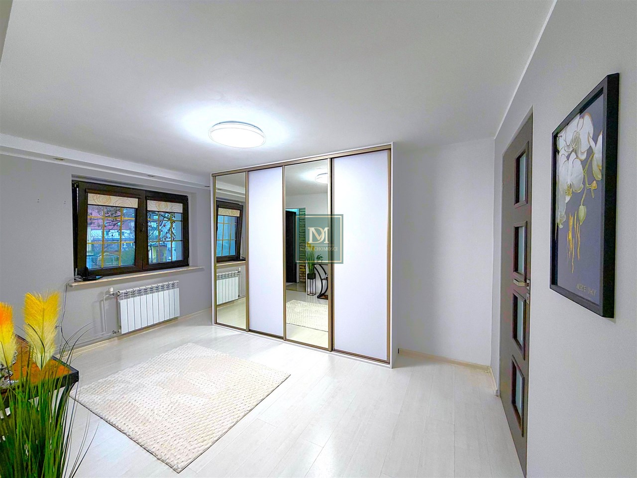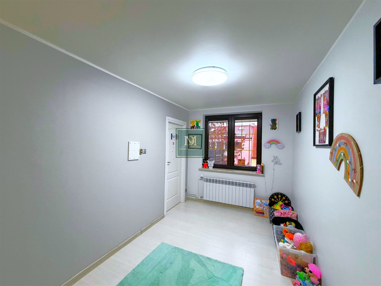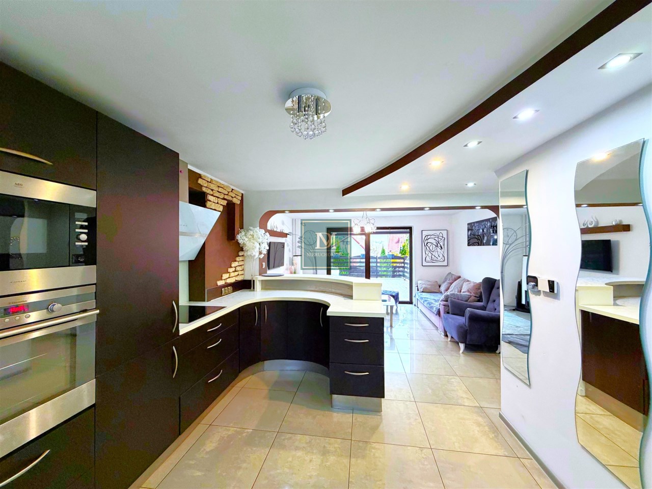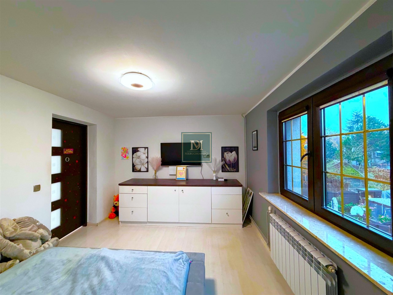 Z salonu wychodzimy na duży taras, gdzie w letnie wieczory będziesz mógł odpoczywać po dniu pracy, jest to idealne miejsce do relaksu, grillowania, oraz zabawy z dziećmi. Na piętrze zaś znajduję się dodatkowy balkon z widokiem na ogród, oraz niską zabudowę. Teren całej posesji jest całkowicie ogrodzony, zapewniając prywatność. Do dyspozycji nowego właściciela jest duży garaż (ok. 25m2) w bryle budynku oraz dodatkowe miejsca postojowe na terenie nieruchomości.
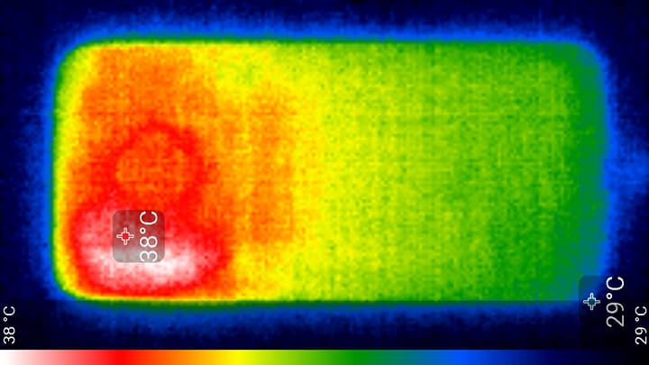 Нагрев больше в верхней правой части аппарата, что, видимо, соответствует расположению микросхемы SoC. По данным теплокамеры, максимальный нагрев составил 38 градусов (при температуре окружающего воздуха в 24 градуса), это не очень много.
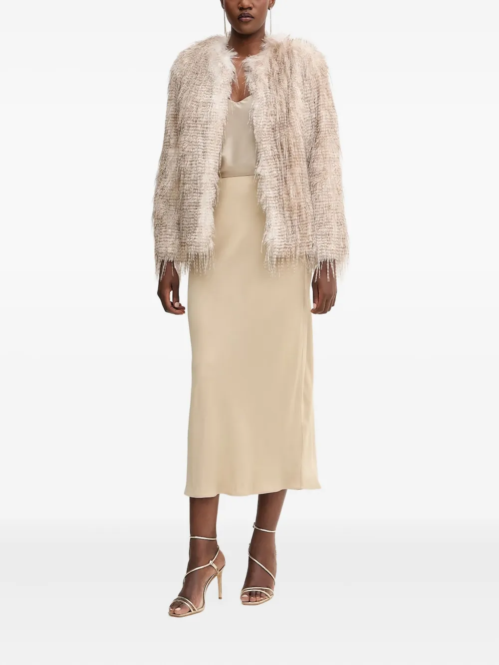 светло-бежевый, миди-длины, с прямым подолом
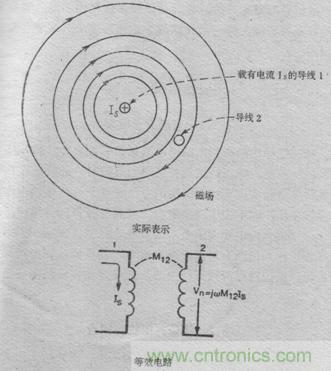 兩個(gè)導(dǎo)體相耦合的隨時(shí)間變化的磁場(chǎng),可用兩個(gè)電路之間的互感來表示,見下圖:

:::

### WORK TASK
The full listing must come back exactly as written, with its pictures left out.

### SOLUTION FOR THIS EXERCISE
 Z salonu wychodzimy na duży taras, gdzie w letnie wieczory będziesz mógł odpoczywać po dniu pracy, jest to idealne miejsce do relaksu, grillowania, oraz zabawy z dziećmi. Na piętrze zaś znajduję się dodatkowy balkon z widokiem na ogród, oraz niską zabudowę. Teren całej posesji jest całkowicie ogrodzony, zapewniając prywatność. Do dyspozycji nowego właściciela jest duży garaż (ok. 25m2) w bryle budynku oraz dodatkowe miejsca postojowe na terenie nieruchomości.
 Нагрев больше в верхней правой части аппарата, что, видимо, соответствует расположению микросхемы SoC. По данным теплокамеры, максимальный нагрев составил 38 градусов (при температуре окружающего воздуха в 24 градуса), это не очень много.
 светло-бежевый, миди-длины, с прямым подолом
 兩個(gè)導(dǎo)體相耦合的隨時(shí)間變化的磁場(chǎng),可用兩個(gè)電路之間的互感來表示,見下圖:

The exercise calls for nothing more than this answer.